At the end of June, Pebblebrook had $2.5 billion of debt, 100% of which is unsecured with an effective interest rate of 3.7%, Martz said. The company has $253 million available on its $650 million unsecured credit facility and $352.8 million cash on hand, which implies total liquidity of $600.6 million for ongoing operating and capital investment needs that should carry the company far into 2021, depending on the pace of the recovery and assuming there are no further asset sales or new debt.
In a recent call about ongoing trends, Pebblebrook executives spoke about the financial covenant waivers they negotiated with their banks to extend debt maturities.
As of press time, Pebblebrook’s stock was trading at $10.60, down 60.5% year to date. The New York Stock Exchange was down 10.2% for the same time period. Click here for more news about public hotel company performance, including information about the Baird/STR Hotel Stock Index, which tracks 20 of the largest market capitalization hotel companies publicly traded on a U.S. exchange.
Reinvesting in properties
During the second quarter, Pebblebrook invested $39.5 million of capital into its portfolio, most of which went to renovation and redevelopment projects, Martz said. These projects include redeveloping the Donovan Hotel into Hotel Zena Washington, D.C., the Mason & Rook Hotel into the Viceroy Washington, D.C., and upgrading the Chaminade Resort & Spa in Santa Cruz, California, into a luxury resort.

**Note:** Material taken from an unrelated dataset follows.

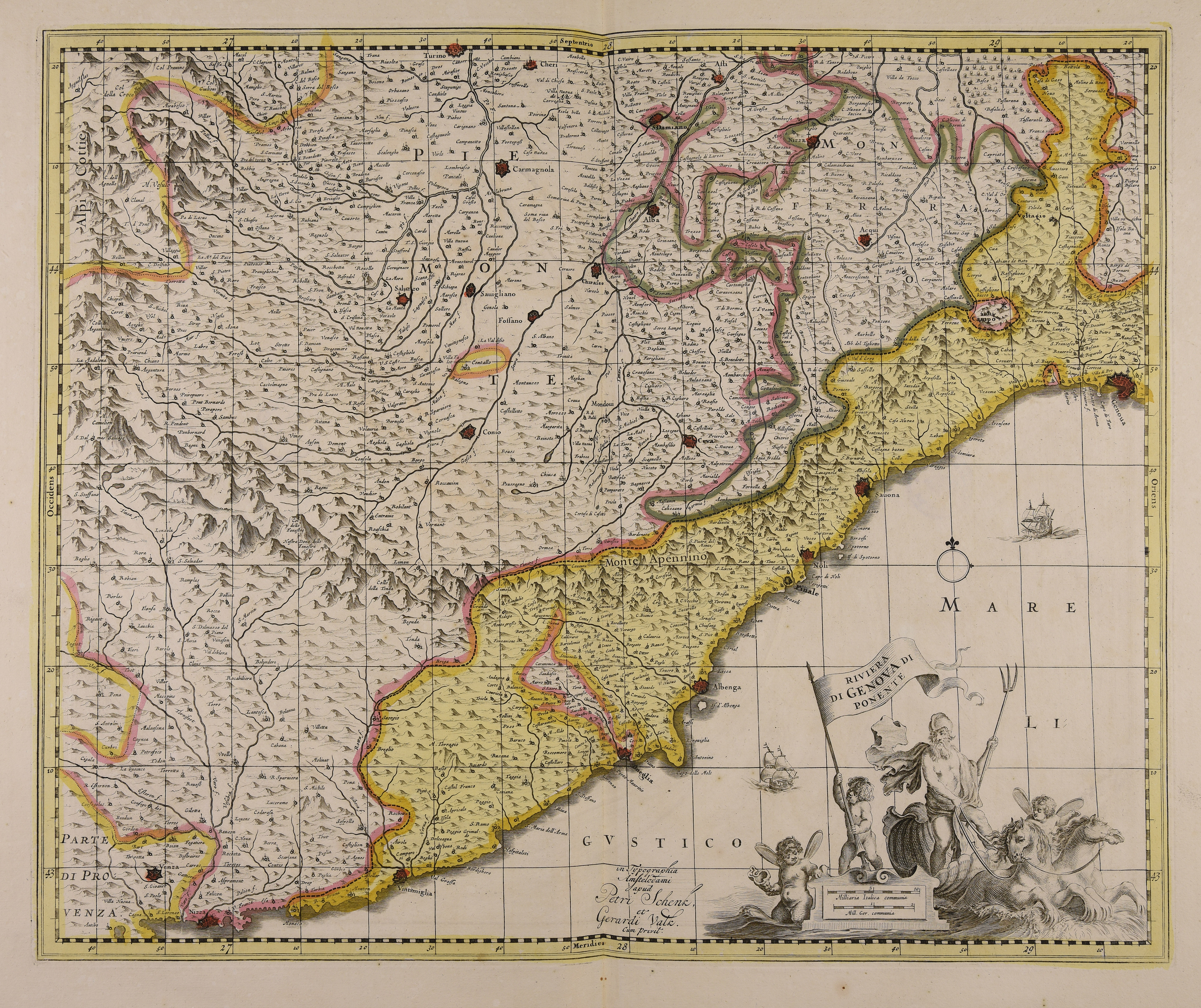 Calcografia; 422x515 mm; scala 1:450.000; pubblicata nel 1710 circa; (Cfr. Peter van der Krogt, Koeman's atlantes neerlandici, 't Goy-Houten, HES, 1997, vol. 5, in corso di pubblicazione)
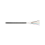 Волоконно-оптический кабель Eurolan 39T-S2-04-15BL серии T12-IND — модульный распределительный кабель чёрного цвета (RAL 9005) для внутриобъектовой и внешней прокладки с четырьмя волокнами типа OS2 9/125, оснащённый свободным буферным покрытием, полиуретановой оболочкой с УФ-стабилизацией, арамидными нитями и стеклопластиковым центральным силовым элементом, имеющий диаметр 6,8 мм, массу 44 кг/км, температурный диапазон эксплуатации от -60 до +85°C и монтажа от -40 до +70°C, минимальный радиус изгиба 15R, класс пожарной безопасности нг(А)-HFLTx, полностью диэлектрический, с повышенной устойчивостью к истиранию и многократной перемотке, масло- и бензостойкий, со средней защитой от грызунов, системной гарантией 25 лет и компонентной гарантией 1 год. Модули и сердечник заполнены гидрофобным гелем. Кабель допускает применение в LAN/WAN-магистралях, центрах обработки данных, при монтаже в трубах и на лотках, а также для организации коротких открытых трасс внешней прокладки. Типовая строительная длина составляет 2000 м, максимальная — 4000 м.

“We currently expect to invest an additional $35 million to $40 million over the balance of the year, primarily to complete this year's major redevelopment projects with this year's completed renovations,” he said.
Forty of Pebblebrook’s 53 hotels have been redeveloped or renovated in the last five years, Martz said. This provides the company with a competitive advantage in the downturn compared to other hotels that haven’t been recently renovated or have owners who don’t have access to reinvestment capital, he said.